■ **TASK INSTRUCTIONS**:
An exact transcription of all the data is required, with every image removed.

■ **COLLECTED MATERIAL**:
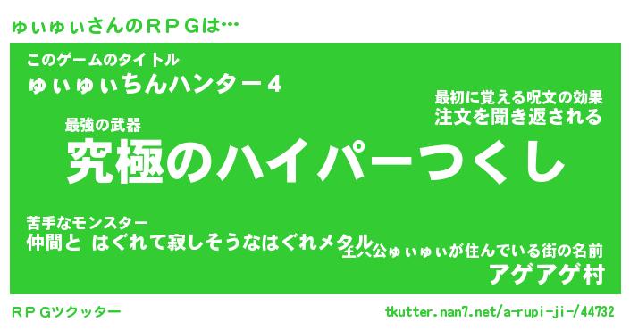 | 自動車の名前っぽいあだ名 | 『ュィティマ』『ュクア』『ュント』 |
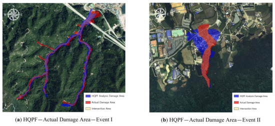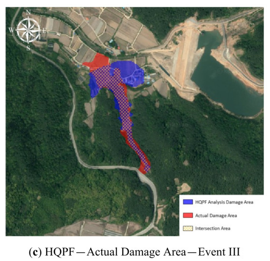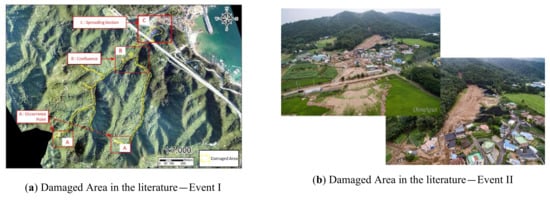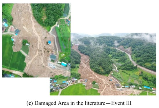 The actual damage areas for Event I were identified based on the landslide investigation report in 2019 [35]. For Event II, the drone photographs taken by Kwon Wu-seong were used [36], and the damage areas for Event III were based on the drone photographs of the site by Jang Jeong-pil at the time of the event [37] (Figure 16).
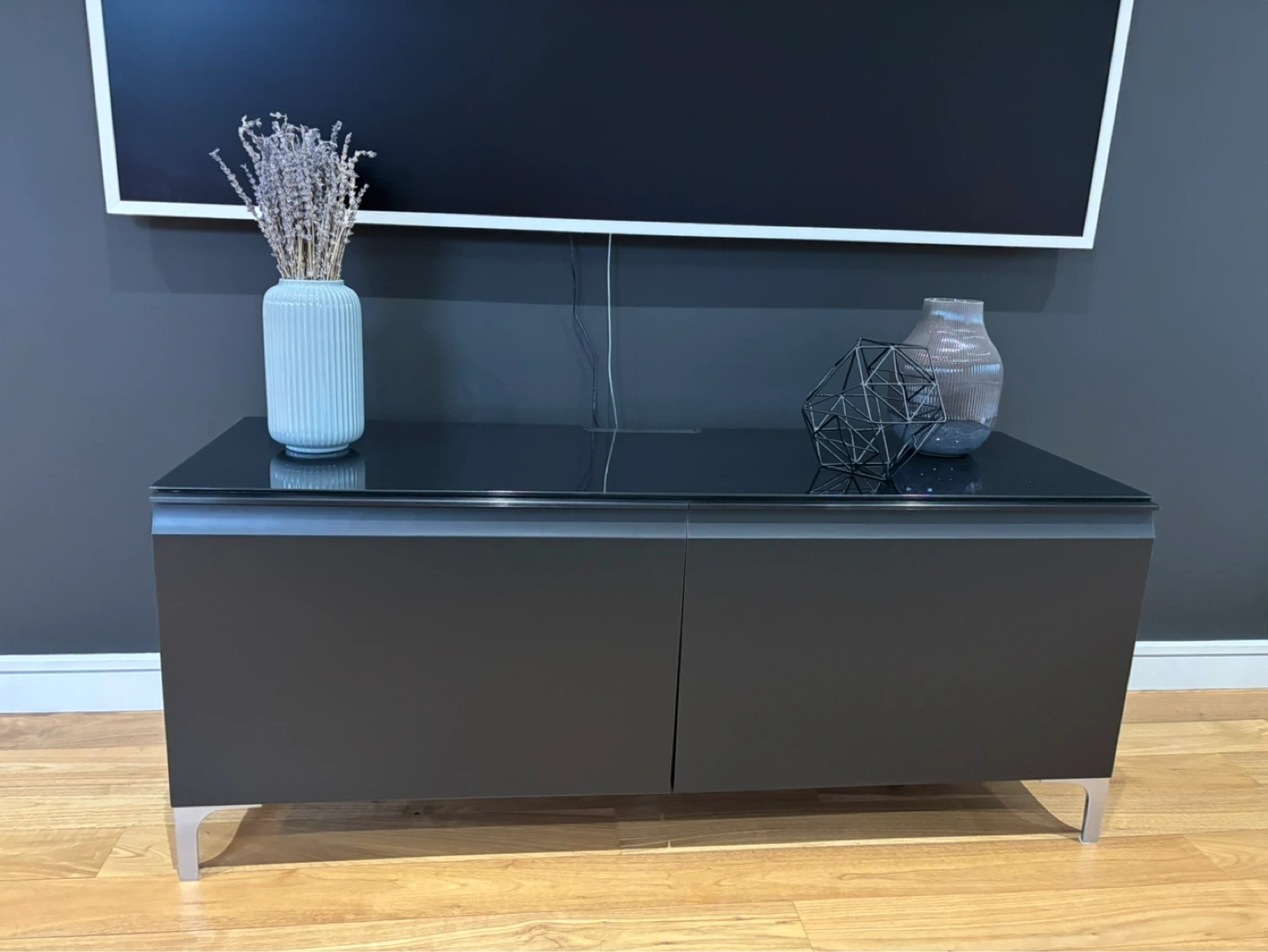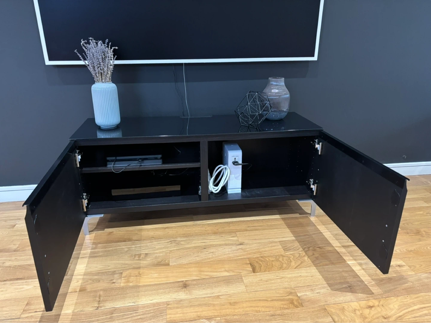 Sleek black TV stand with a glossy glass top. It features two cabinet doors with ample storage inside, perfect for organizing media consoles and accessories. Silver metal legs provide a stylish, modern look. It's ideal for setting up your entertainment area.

■ **ANSWER**:
 | 自動車の名前っぽいあだ名 | 『ュィティマ』『ュクア』『ュント』 |
 The actual damage areas for Event I were identified based on the landslide investigation report in 2019 [35]. For Event II, the drone photographs taken by Kwon Wu-seong were used [36], and the damage areas for Event III were based on the drone photographs of the site by Jang Jeong-pil at the time of the event [37] (Figure 16).
 Sleek black TV stand with a glossy glass top. It features two cabinet doors with ample storage inside, perfect for organizing media consoles and accessories. Silver metal legs provide a stylish, modern look. It's ideal for setting up your entertainment area.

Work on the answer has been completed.